Liu et al.15 carried out an experiment in rats with traumatic spinal cord injury to establish the temporary expression of micro RNAs. The authors managed to demonstrate that a rat's spinal cord contains approximately 77% (269) of the micro RNA identified in mature rats (350), which suggests that the spinal cord is a rich source of micro RNA. Of these, 97 changed in a statistically significant way after the spinal cord injury. Thus, 60 were expressed in moderate, high and very high levels, and were classified into 5 different groups. Groups A and C contained upregulated micro RNAs, group D contained downregulated micro RNAs and groups B and E contained micro RNA upregulated 4hours after the injury, and subsequently downregulated 1 and 7 days after the injury. The remaining 37 micro RNAs expressed at a low level and were inhibited after the injury.

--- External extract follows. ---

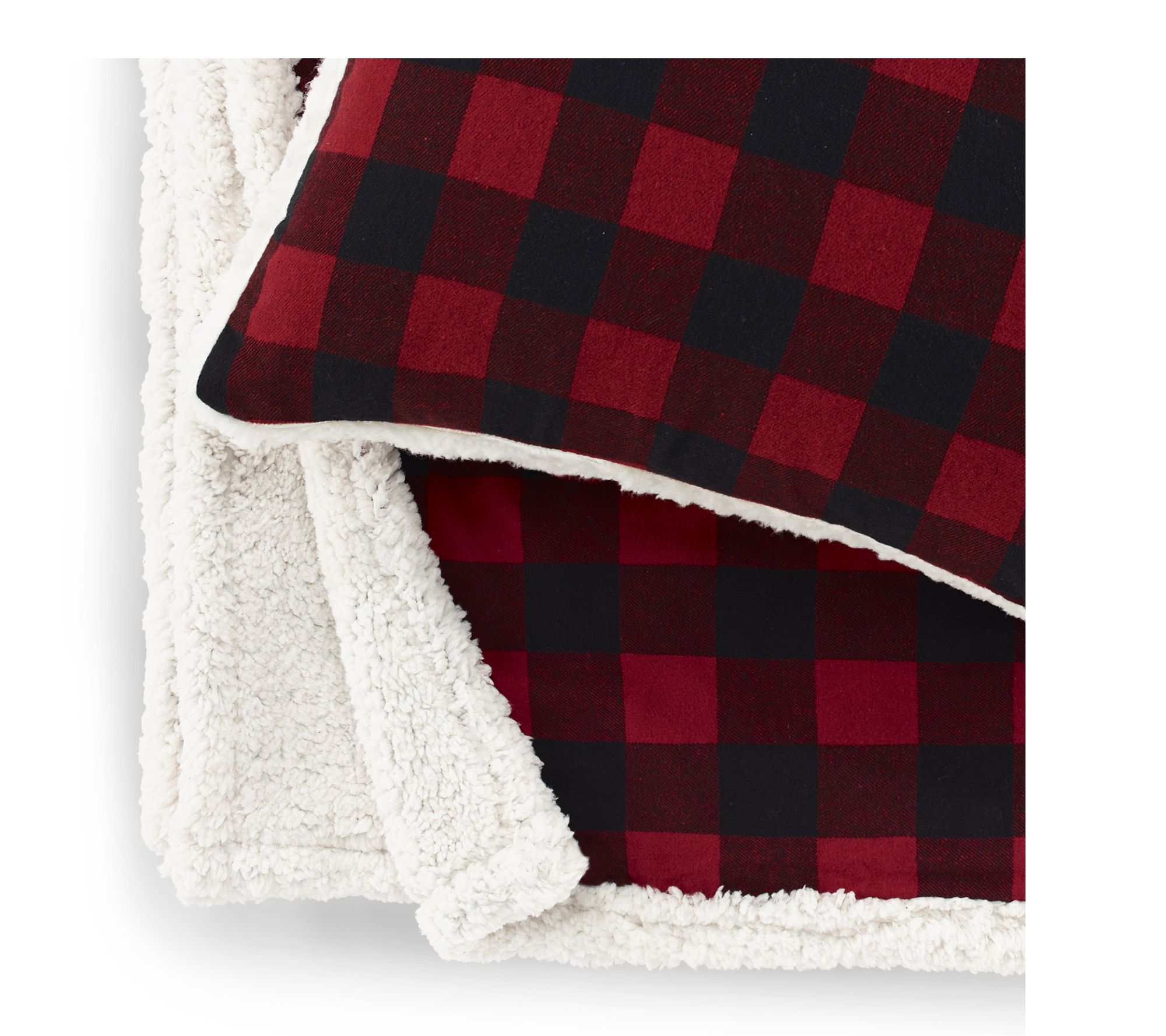 Transform your living room or bedroom into a cozy retreat with this throw and pillow set, featuring a classic cabin plaid design in rich red and black hues. Plush sherpa-style fleece and soft cotton offer warmth and comfort, making every evening spent curled up with a book or movie feel extra inviting. From Eddie Bauer.

As decompression of the spinal cord is the main surgical option, Ziu and co-authors19 carried out a study to analyse the spatial and temporary expression of the levels of different micro RNAs and their relationship with the duration of compression. These researchers managed to demonstrate that, depending on the compression time, the temporary expression of some micro RNAs is different. In particular, miR-107 over-regulates in a prolonged compression model, whereas its levels do not vary in a short compression model. They found that the expression of miR-148 over-regulated 3 and 6hours after the injury in prolonged compression, and after 6hours in short compression. Finally they found that miR-210 over-regulates after 3, 6 and 24hours in the prolonged compression model and only after 24hours when the compression is of short duration.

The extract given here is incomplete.